The body armor of ankylosaurians is a unique morphological feature among dinosaurs. Despite being studied for decades, paleohistological analyses have only started to uncover the details of its function. Yet, there has been an overall bias toward sampling ankylosaurian remains from the Northern Hemisphere and limited quantitative studies on the morphological and functional evolution. Here, we describe new ankylosaurian materials recovered from the Late Cretaceous of Antarctica that, in combination with data compiled from the literature, reveal new insights into the evolution of the ankylosaurian body armor. Based on histological microstructure and phylogenetic results, the new Antarctic material can be assigned to Nodosauridae. This group shares the absence/poor development of the basal cortex and highly ordered sets of orthogonal structural fibers in the superficial cortex. Our morphospace analyses indicate that large morphological diversity is observed among both nodosaurids and ankylosaurids, but they became more functionally specialized in late-diverging nodosaurids.
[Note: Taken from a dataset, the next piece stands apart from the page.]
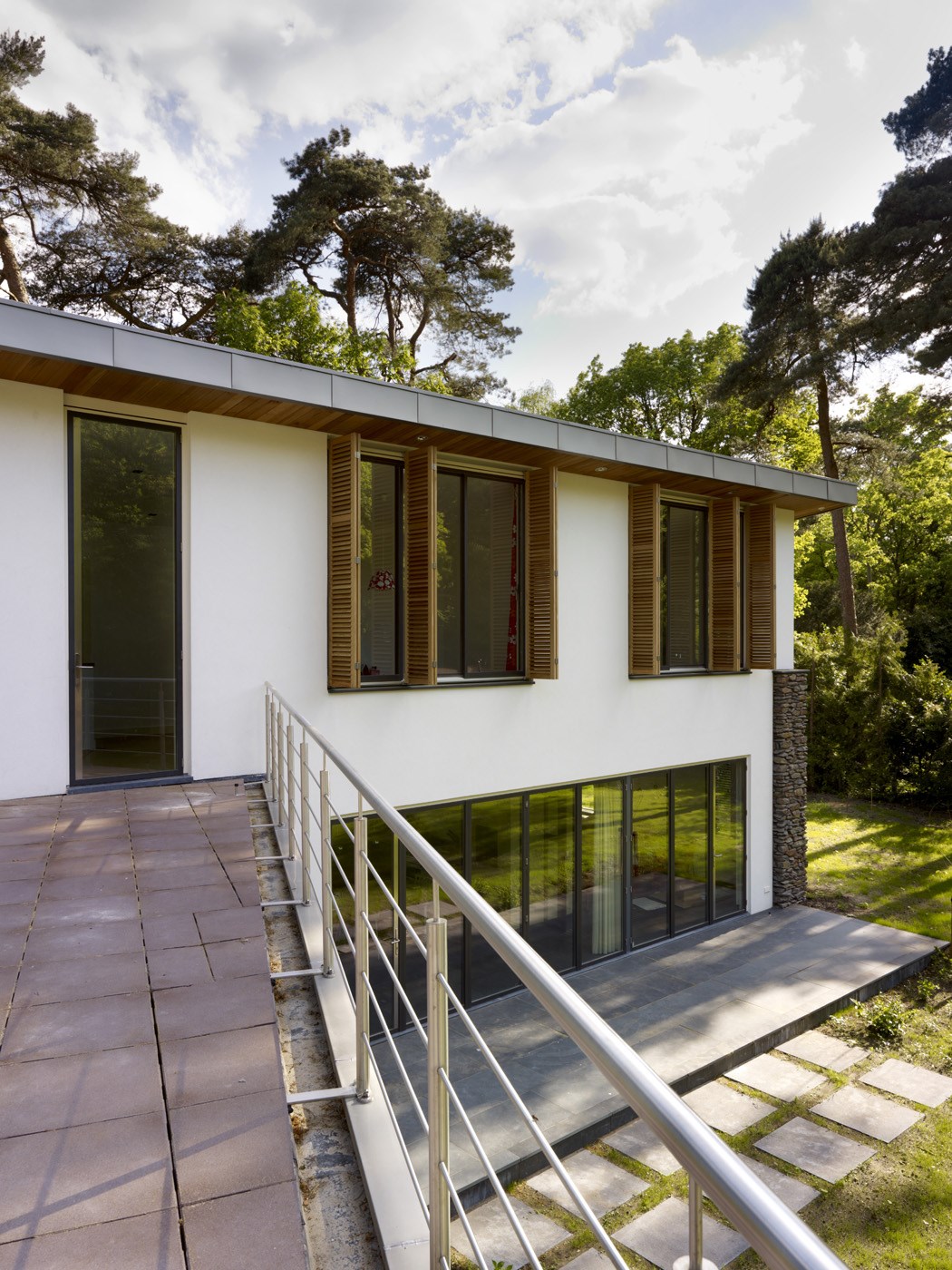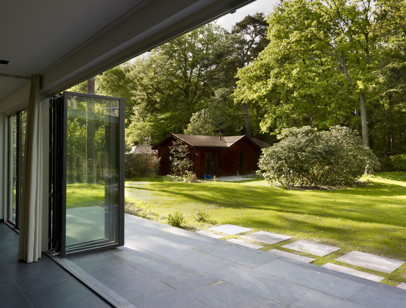 Heijmerink heeft in het paviljoen gestreefd naar een heldere, even natuurlijke ambiance. ‘Het wordt gedomineerd door een grote loungeruimte. De slanke profielen van de glazen schuifpuien gaan schuil achter de gevel, zodat alleen het glas – en daardoorheen het bos – te zien is. Het lichte stucwerk met enkele gekleurde accenten, de eikenhouten spiraaltrap en de leistenen vloer dragen heel genuanceerd bij aan de natuurlijke sfeer.’ De architect is trots op het resultaat – en vooral dat het naadloos aansluit op de woonwensen van de opdrachtgevers.

Besides acting as effective protection against predation, osteoderms also exhibit highly ordered structural fibers in nodosaurids, enabling a decrease in cortical bone thickness (as in titanosaurs), which could have been co-opted for secondary functions, such as calcium remobilization for physiological balance. The latter may have played a key role in nodosaurid colonization of high-latitude environments, such as Antarctica and the Arctic Circle.

Material 

The figures of specimens CAV-4 and 5 before the paleohistological sections are available in Supplementary Fig. 1. There is no figure for the specimen CAV-10.

Statistical Analyses

The dataset compiled from the literature for our linear morphometric analyses is available in the file “Dataset_osteoderms.xlsx”. The compiled specimens are listed in Table 1. The entire dataset of PAST files to osteoderms is available in “Dataset_osteoderms.dat”. 
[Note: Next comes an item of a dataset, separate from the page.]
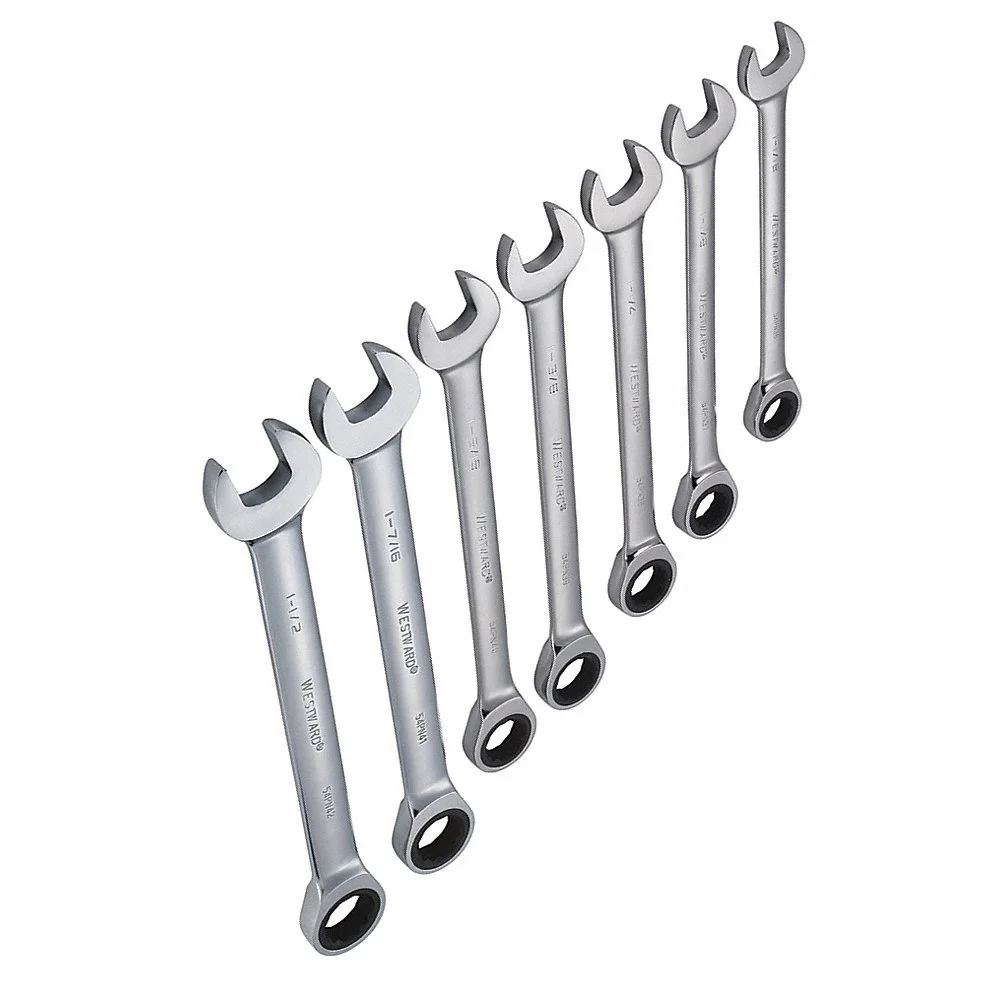 WESTWARD 54DG23 Combination Wrench Set, Alloy Steel, Chrome, 7 Tools, Standard, Pouch

The abbreviations and description of variables used in both datasets are: B, thickness of the osteoderm basal cortex; BI, basal index (BI = 100B/T); CI, cortical index (CI = 100*(S + B)/T); Co, thickness of the osteoderm core; CoI, core index (CoI = 100Co/T); Group, main group that the specimens are assigned (Ankylosauridae, Nodosauridae or Titanosauria); Osteoderm, shape of the osteoderm; Group+osteodem, classification joining main group and shape of osteoderm; S, thickness of the osteoderm superficial cortex; S+B, sum of osteoderm superficial and basal cortex (=cortical thickness); Specimen, collection number of the analysed specimens; SI, superficial index (SI = 100S/T; T, total thickness of the osteoderm; Taxon, specific classification of the analysed specimens; all Log. variables are at the base Log10. These variables comprise linear measurements and relative thickness of osteoderm paleohistological slides (all in mm), comprising the compact bone walls (basal and superficial) and the core. They followed the proposal of Burns and Currie (2014).

We performed the Shapiro-Wilk (W) test for normality to evaluate if our data follows a normal distribution. We also performed the linear discriminant analysis (LDA) to discriminate the morphospace by reducing the dimension of the parameters.

Phylogenetic Analysis

The codification of the specimens based on the compilation of the matrix of Soto-Acuña et al. (2021)—the modification of the authors on the dataset of Arbour and Curie (2016). The matrix is available in the files “PhyloAnk.nex” and “PhyloAnk.tnt”. The description of the characters is available in “PhyloAnk.nex”.